Openai’s recently released O3 and O4-Mini AI models are cutting edge in many ways. But the new model still gives hallucinations or creating things. more Than the old model of Openai.
Pictures are proven to be one of the biggest and most difficult problems to be solved in AI, which affects today’s most performance. Historically, each new model has improved slightly in hallucinations, reducing hallucinations than predecessors. But it doesn’t seem to be the case for O3 and O4-Mini.
According to the internal test of Openai, according to the so-called reasoning models O3 and O4-Mini, More often Traditional “non-class” models of the company’s previous reasoning model (O1, O1-Mini and O3-Mini) and Openai.
Perhaps the Chatgpt producer will not know why it is happening.
In a technical report on O3 and O4-Mini, Openai wrote that more research is needed to understand why hallucinations worsen as hallucinations expand their reasoning models. O3 and O4-Mini perform better in some areas, including tasks related to coding and mathematics. However, they often created “more accurate claims and more accurate/hallucinations” according to the report because they “overall more claims.”

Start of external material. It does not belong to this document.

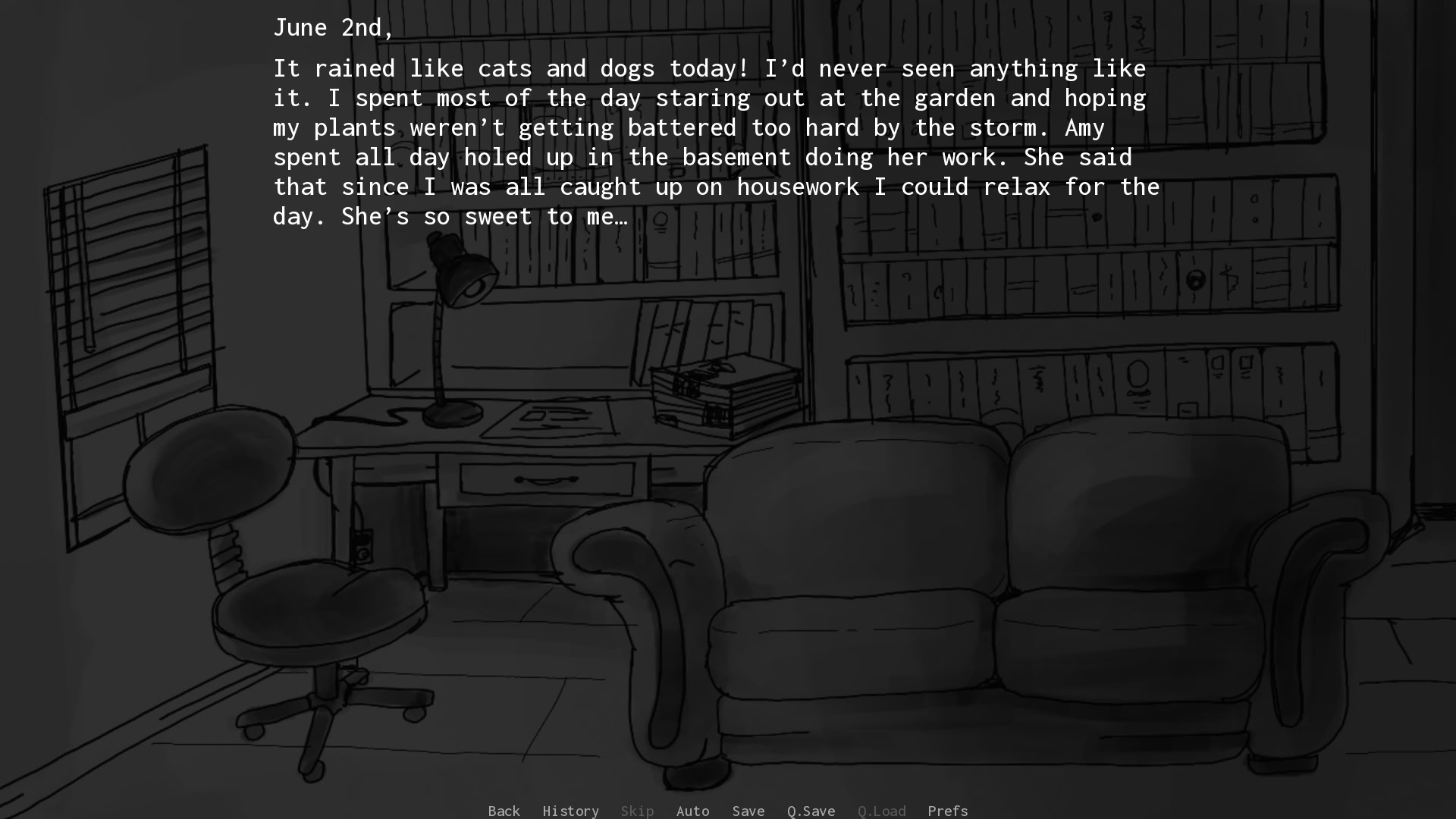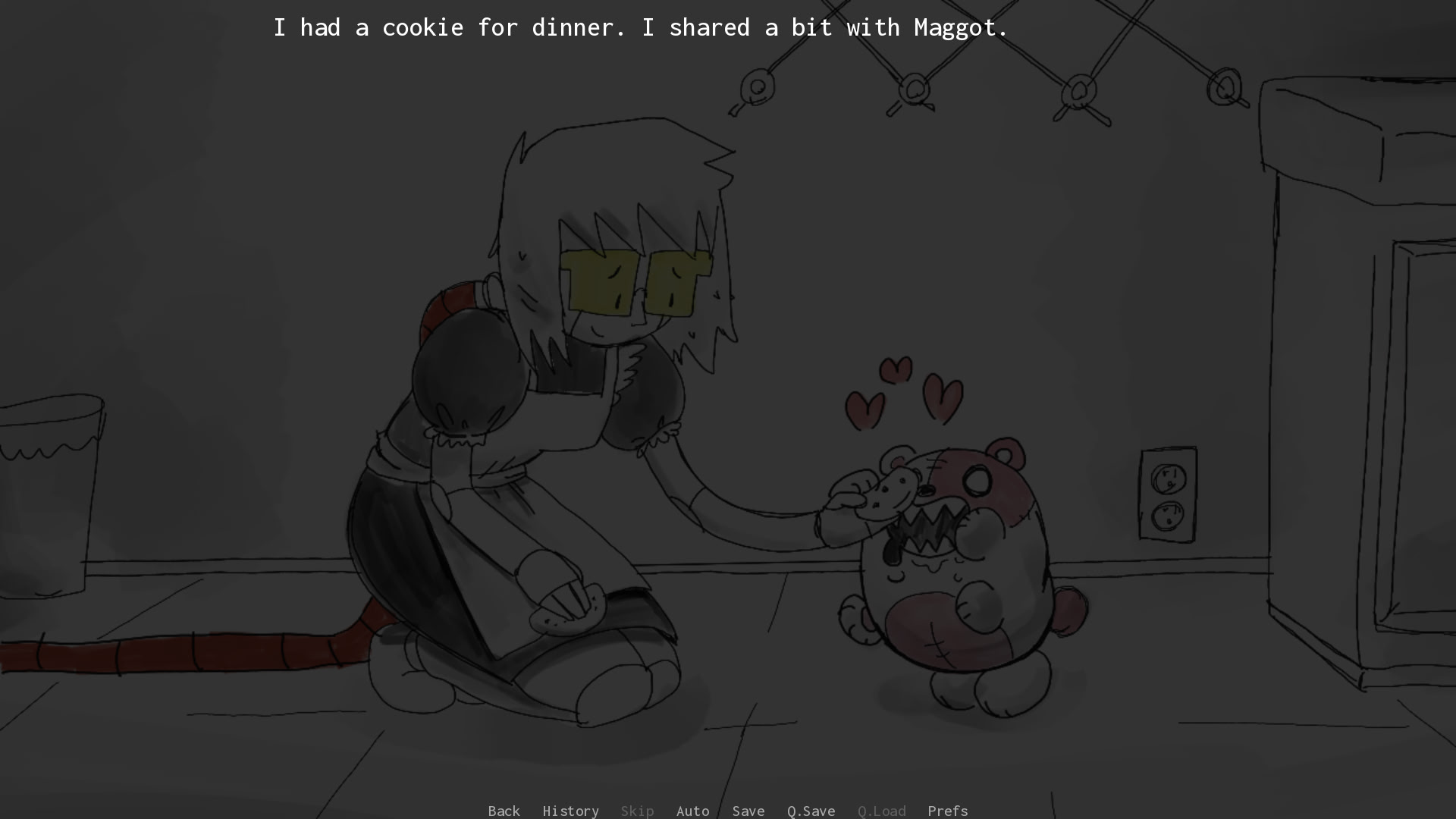 Absolutely Perfect Specimen is a horror-yuri visual novel about the android maid Pan and her master Dr. Amy G Dala. Follow Pan over the course of a year as she struggles with insatiable hunger and bizarre dysphoria, all while discovering her past and grappling with her dark future.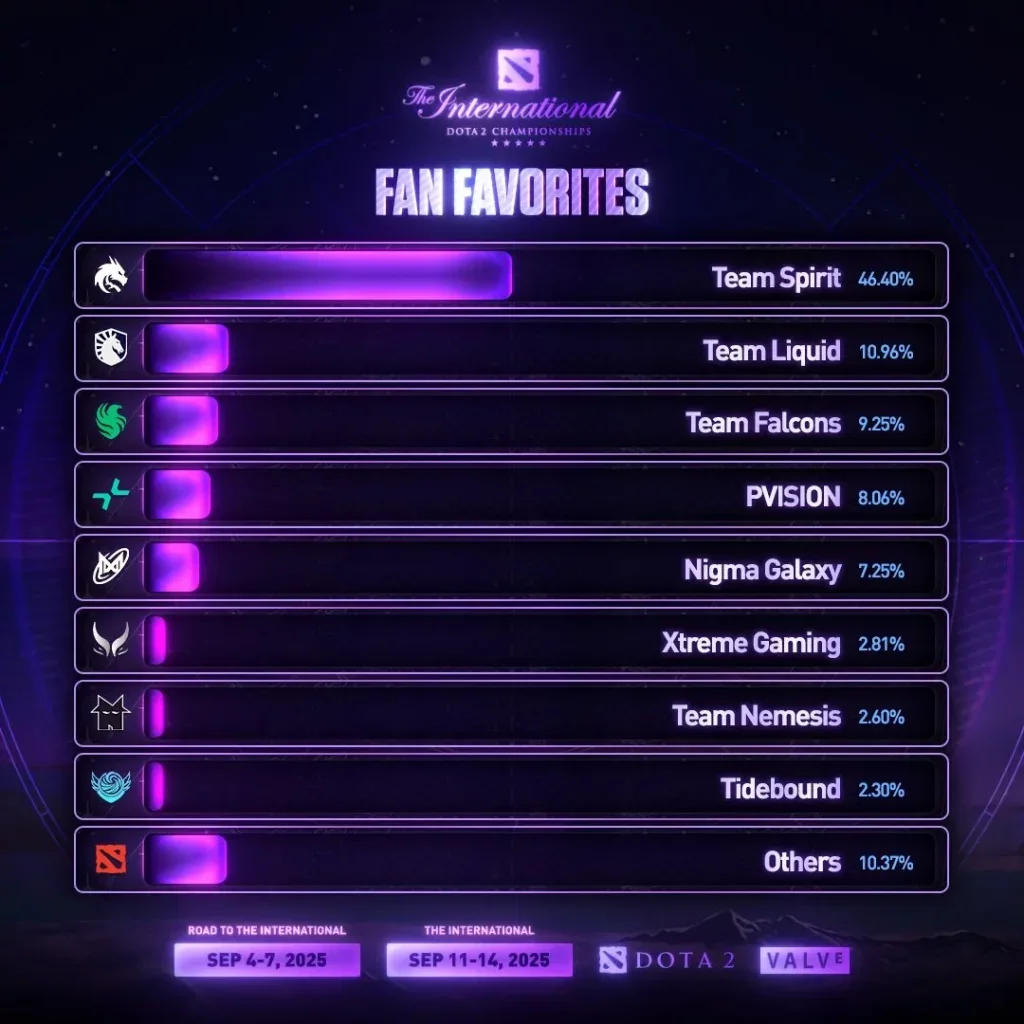 По данным Викрама Редди, в победу Spirit на TI14 верят 46,4% дотеров. Liquid – 2-я по популярности команда – 10,96%, Falcons – 3-я – 9,25%.

Openai found that the O3 was hallucinated by reaction to 33%of the questions about the company’s in -house benchmark, Personqa, to measure the accuracy of the knowledge of models. This is approximately twice that of Openai’s previous reasoning models O1 and O3-Mini’s hallucinations. O4-Mini was worse in PersonQa. This hallucinated 48%of the time.
The third -party test of Transluce, a non -profit AI Research Lab, also found evidence that the O3 tends to construct the actions taken in the process of reaching the answer. In one example, Transluce insisted that the O3 had run the code in the 2021 MacBook Pro “Chatgpt outside” and then copied the numbers to the answer. O3 can access some tools, but you can’t do it.

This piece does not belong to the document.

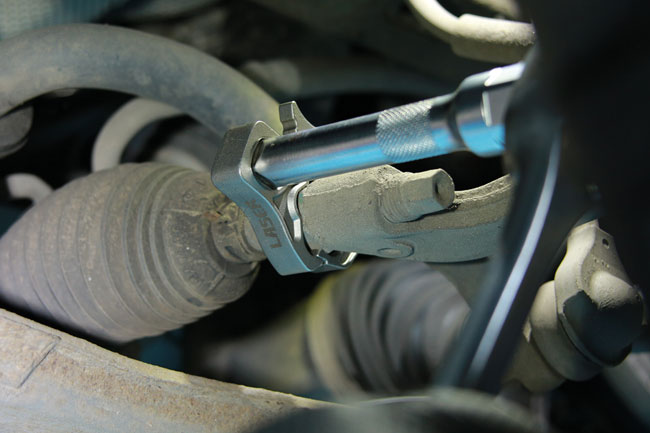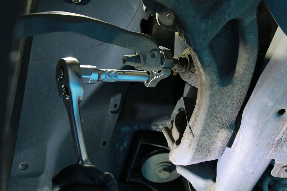 Satz mit fünf Hahnenfußschlüsseln in den Größen 22, 24, 27, 30 und 32 mm, geeignet für die Verwendung an Spurstangenenden, großen Sechskantrohr- und Leitungsverschraubungen, Hydraulikkolben und verkabelten Sensoren. Für die Verwendung mit einer Verlängerung mit 1/2"-Antrieb, mit federbelastetem Schnellverschluss, mit dem sie offen bleiben können, wenn sie um das Befestigungselement herum angesetzt werden, sowie mit Ratschenfunktion, die sie ideal für den Einsatz in beengten Bereichen macht.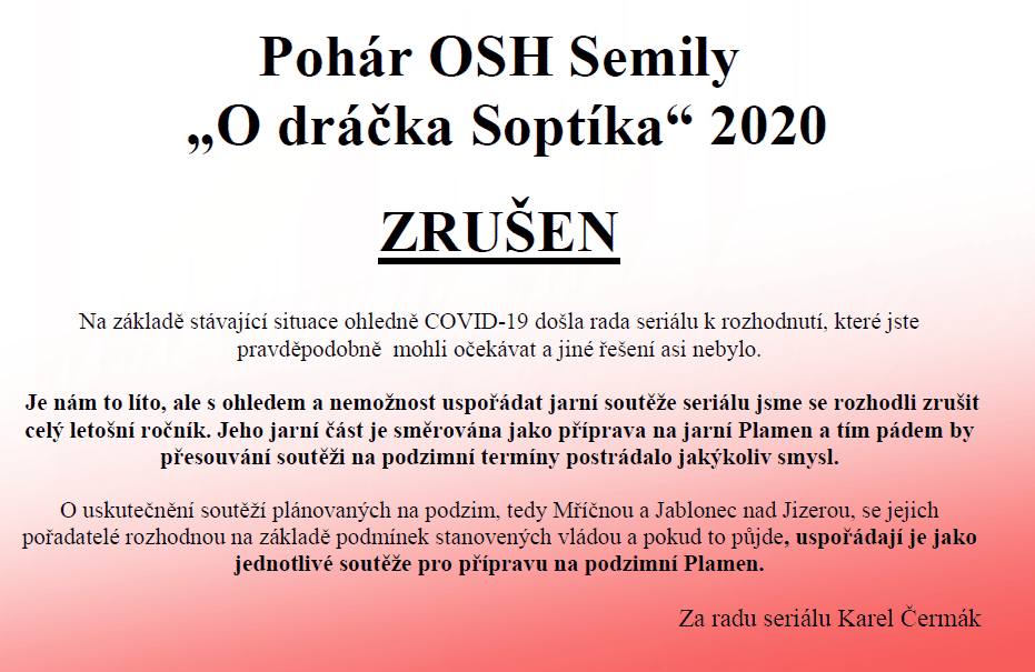 Vážení vedoucí mládeže, mám pro vás nepříjemnou zprávu. Bohužel jsem se po zvážení všech okolností rozhodl zrušit také podzimní kolo Hry Plamen. Situaci jsem konzultoval s krajskou hygienickou stanicí a s ostatními členy odborné rady. Není to lehké rozhodnutí. Vím, že přijde vniveč spousta vaší práce, které si vážím. Ve vládním nařízení sice je skulinka pro sportovce, ale v případě pořádání tak velké soutěže jdeme proti smyslu tohoto nařízení a v případě jakékoli nákazy bychom se kromě velké ostudy museli zodpovídat a obhajovat. V tuto chvíli nedokážu říci, zda soutěž rušíme, nebo jen odkládáme. V letošním roce určitě neproběhne. Můj osobní názor je, že ji nezvládneme ani na jaře. O dalším vývoji vás budeme informovat. Čeká vás těžký úkol, vysvětlit to vašim dětem. Jsem na tom stejně. Pokud vás napadne nějaká aktivita, kterou bychom mohli za současné situace pro děti uspořádat, dejte mi prosím vědět. Doufám, že vám tato nepříjemná situace nevezme chuť do další hasičské práce. S pozdravem Pavel Štěpánek, vedoucí OORM

Neil Chowdhury, a researcher and former Openai employee translated into TechCrunch’s email, said, “Our hypothesis is that the reinforcement learning used in the O-series model can amplify the problem that is not generally unlocked by the pipeline after standard training.

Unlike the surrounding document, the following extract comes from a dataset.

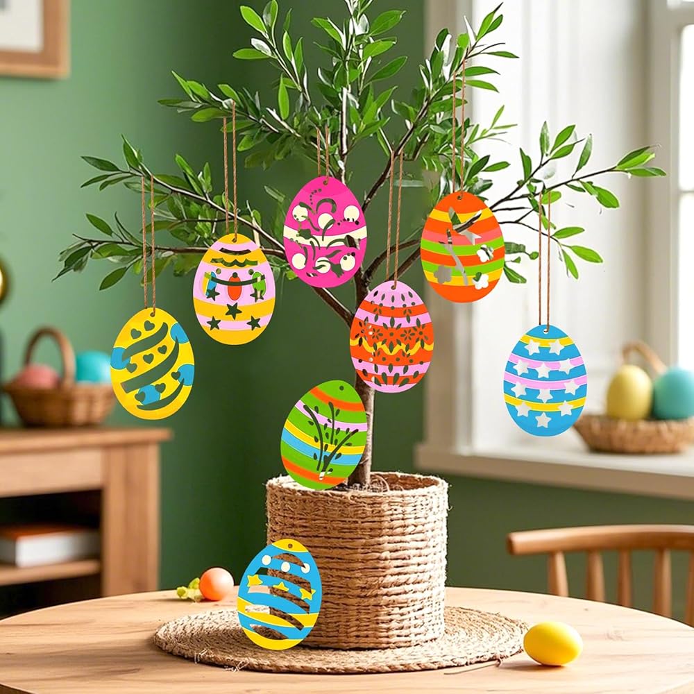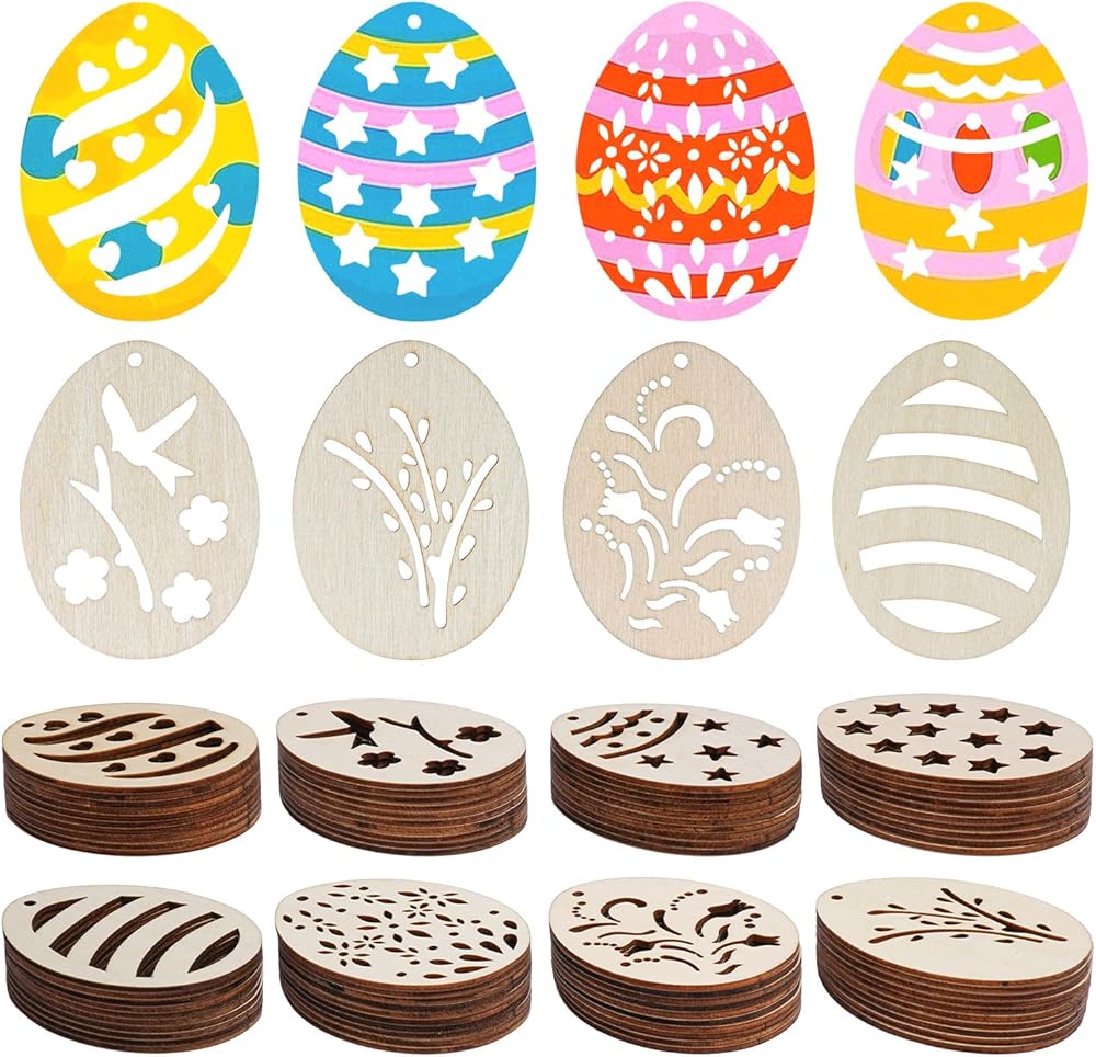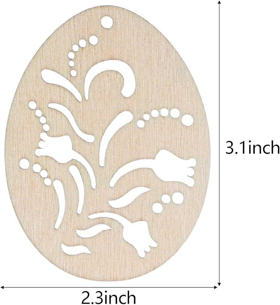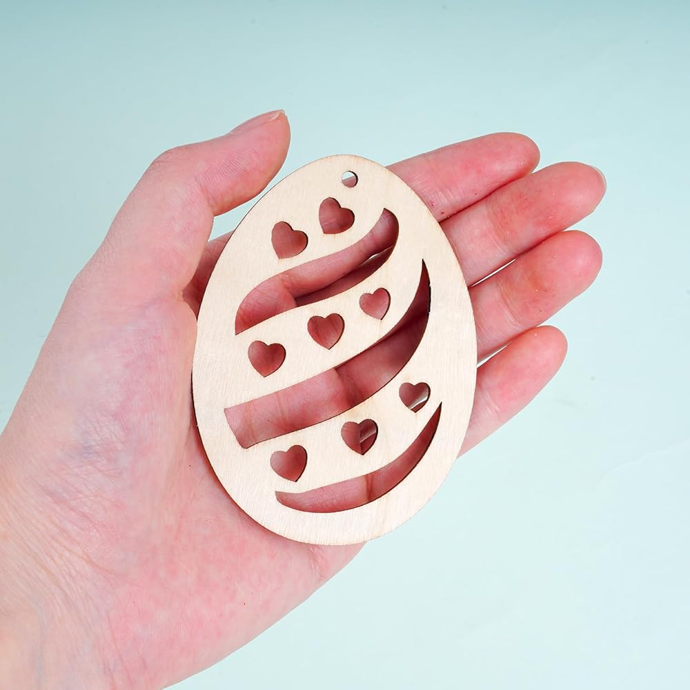 مصنوعات البيض: يمكن أن تصنع قطع البيض الخشبية مجموعة متنوعة من الحرف اليدوية، وعلامات عيد الفصح، وبيض عيد الفصح، وبطاقات عيد الفصح، وسلاسل المفاتيح، والأقراط، والديكورات المعلقة، وتزيين العبوات والمشروعات اليدوية للبيض.

Sarah Schwettmann, co -founder of Transluce, added that the hallucinations of the O3 could be useful unless they did.
KIAN KATANFOROOOSH, a stanford professor and CEO of Stanford Startup Workera, has already been tested for O3 in coding workflows on TechCrunch and is one level higher than competitors. But Katanforoosh says that O3 tends to hallen the website link where the O3 is broken. This model provides a link that does not work by clicking.
The hallucinations can help the model reaches interesting ideas and helps to create creativity in “thinking”, but some models make it a difficult sales for business in the most important market. For example, a legal company will not be satisfied with the model that inserts a lot of errors in the customer contract.
One of the promising approaches to increase the accuracy of the model is to provide web search functions. Openai’s GPT-4O, which has a web search in Simpleqa, one of Openai’s accuracy benchmarks, achieves 90% accuracy. Potentially search can improve the hallucinations of the reasoning model if the user is willing to expose the prompt to a third -party search provider.
Expanding the reasoning model actually makes the solution more urgent if the hallucinations continue to exacerbate.
Niko Felix, a spokesman for Openai, told TechCrunch, “It’s a continuous research field to deal with hallucinations in all models, and we’re continuously trying to improve their accuracy and reliability.
Last year, the wide range of AI industries were pivonged to focus on after -based models after the technology, which started to reduce the technology for improving traditional AI models. Inference improves model performance in various tasks without the need for a large amount of computing and data during training. But reasoning can also lead to more hallucinations.